The 2004 Honda Accord.

“When they’re a well-made car, they’re going to be stolen,” he said in a telephone interview. “U.S. automakers have made advancements. People are noticing them finally.”

Security Feature

A 1990s model of the Civic or Accord was the most stolen vehicle in 16 states, according to the NICB report. In 1997, Honda began equipping its cars with immobilizer systems, which prevent cars from running unless the driver has the key, said Chris Martin, a spokesman for Honda’s U.S. unit.

The upgrade “really makes a big difference,” he said in a telephone interview. “It raises the technological hurdle for a car thief to be able to drive away in one of our cars.”

The FBI data used in the NICB report track only the most popular model year for each car on the top 10 most-stolen list, so that no vehicle is listed twice.

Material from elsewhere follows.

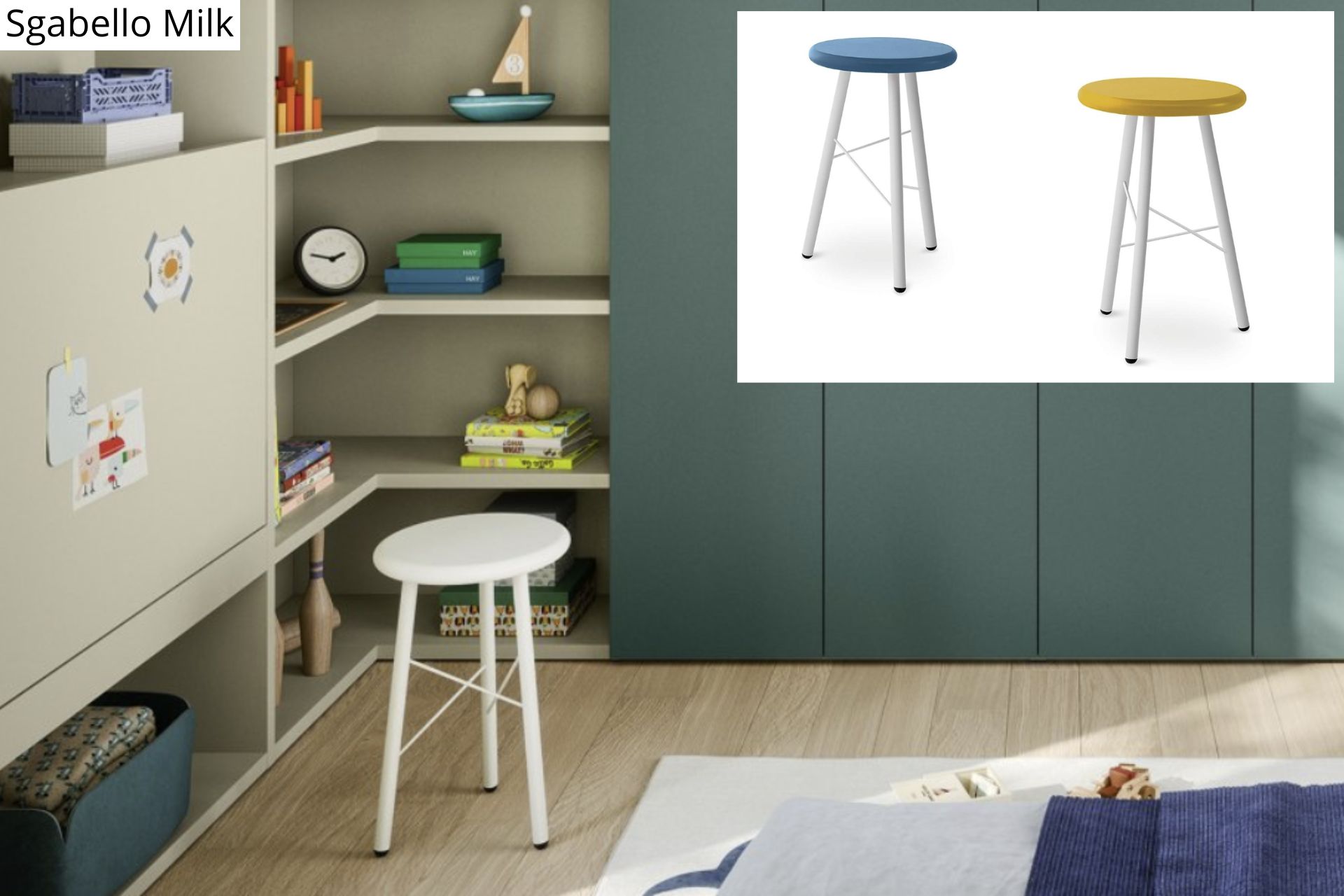 Tra i complementi per cameretta abbiamo selezionato alcuni pouf, sgabelli e sedie, colorati e comodi. Sono perfetti per leggere, giocare o accogliere un amico. Le panche offrono un appoggio e sono ideali come seduta aggiuntiva. Inoltre possono diventare anche un elemento contenitore, grazie a soluzioni ideate appositamente, che uniscono estetica e praticità.

Nationally, U.S. vehicle thefts dropped to the lowest level since 1967 in 2010 after a seventh straight year of decline, according to preliminary figures from the NICB. California, which counted the Honda Accord as its most stolen car, had eight of the top 10 regions for car thefts.

Insurers including Allstate Corp. (ALL) and State Farm Mutual Automobile Insurance Co. offer discounts to customers who use antitheft devices. In addition to built-in security features, NICB recommends manufacturer-installed products such as LoJack Corp. (LOJN) tracking devices and Ravelco ignition disablers.